From Hassen Riahi <hassen.ri...@cern.ch>
Subject Re: Parallelize a workflow using mapReduce
Date Thu, 23 Jun 2011 14:12:28 GMT

> Hi,
>> Between, how the split will be done? I mean the input will be split  
>> by HDFS
>> block? will I have 1 map task per HDFS block?
> The default behavior is to split the file based on the HDFS block
> size, but this depends on the InputFormat and you can also write your
> own InputFormat to create a split of the size/nature that you want.
> There are already many InputFormats that other people have written
> too, please have a look, examples include: splits of N lines,
> one-split per file and so on.
> Yes, the default behavior is to have one mapper per input split, but
> again, this can be overridden by a custom inputformat- for example, if
> you ask the inputformat not to split a file, and if the file is bigger
> than the block size.
> will this workflow benefit
>> from Hadoop data locality optimization?
> I did not understand this question.

Sorry, I was not clear enough...let's say that I have 1 file stored in  
HDFS and so, let's say that it is split in 3 HDFS blocks. Let's say  
that these HDFS blocks, blockA, blockB and blockC, reside respectively  
in machineA, machineB and machineC.

In another side, let's say also that this file is the input file and  
it is split based on HDFS block and so, I will have one mapper per  
input split (I will have in consequence 3 mappers: mapperA, mapperB  
and mapperC).

If I understand, it is waited that the mapperA will be executed on  
machineA, and mapperB on machineB...right? if it is the case, that is  
what I intended by the data locality optimization...the fact that each  
mapper will be executed on the machine where data reside optimizes the  
workflow execution, the traffic inside the cluster...

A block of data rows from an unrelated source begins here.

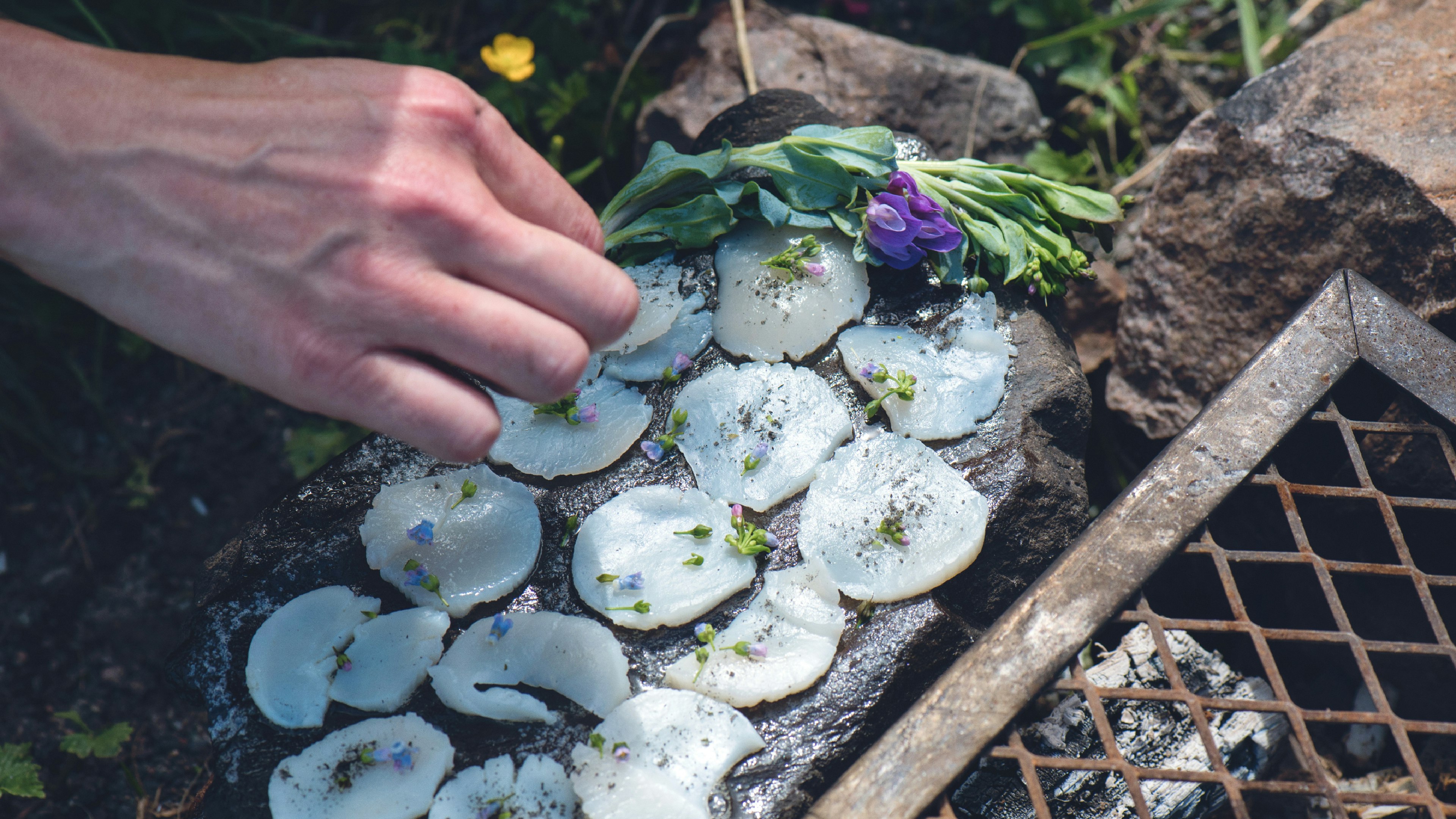- Harvesting seawater and techniques for smoking seaweed to make salt.
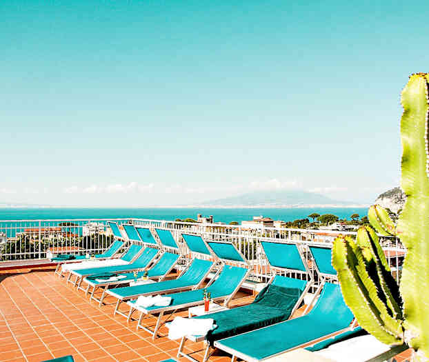 Caravel ligger i lugna omgivningar och har en vacker utsikt över havet. Hotellet ligger i stadsdelen Sant'Agnello, utanför Sorrento. Caravel har en mysig, grönskade trädgård och ett härligt poolområde som bjuder in till avkoppling och svalkande bad. Vill du bada i havet ligger stranden på promenadavstånd. Uppe på taket finns även en solterrass med en vacker utsikt över havet.
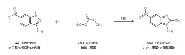 1.通过3-甲基-6-硝基-1H-吲唑和碳酸二甲酯合成2,3-二甲基-6-硝基吲唑,收率约79%;
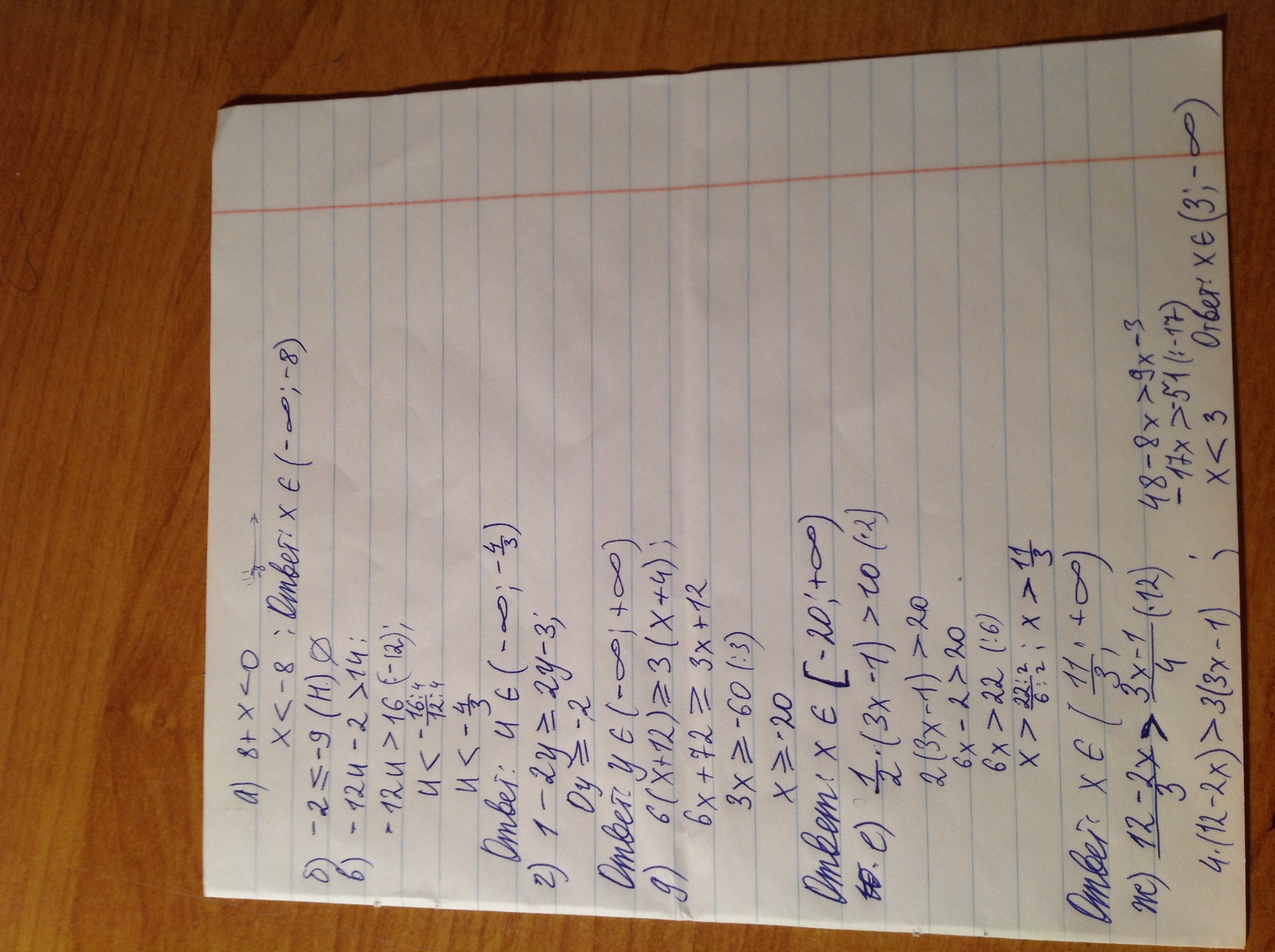 Решите неравенство: а) 8 + x < 0; б) −2 ≤ −9; в) −12u − 2 > 14; г) 1 − 2y ≥ 2y − 3;

Now, in case that this input file is not split based on HDFS block but  
one-split per file. I will have in consequence only 1 mapper since I  
have only 1 input split. Where the computation of the mapper takes  
place? in machineA or machineB or machine C or in another machine  
inside the cluster? or it is not possible to predict the behavior of  
the system?

Thanks for the help,

> Thanks,
> -b
>>> I hope I understood your problem properly, and my suggestion is the
>>> kind you were looking for.
>> Thanks,
>> Hassen
>>> Bibek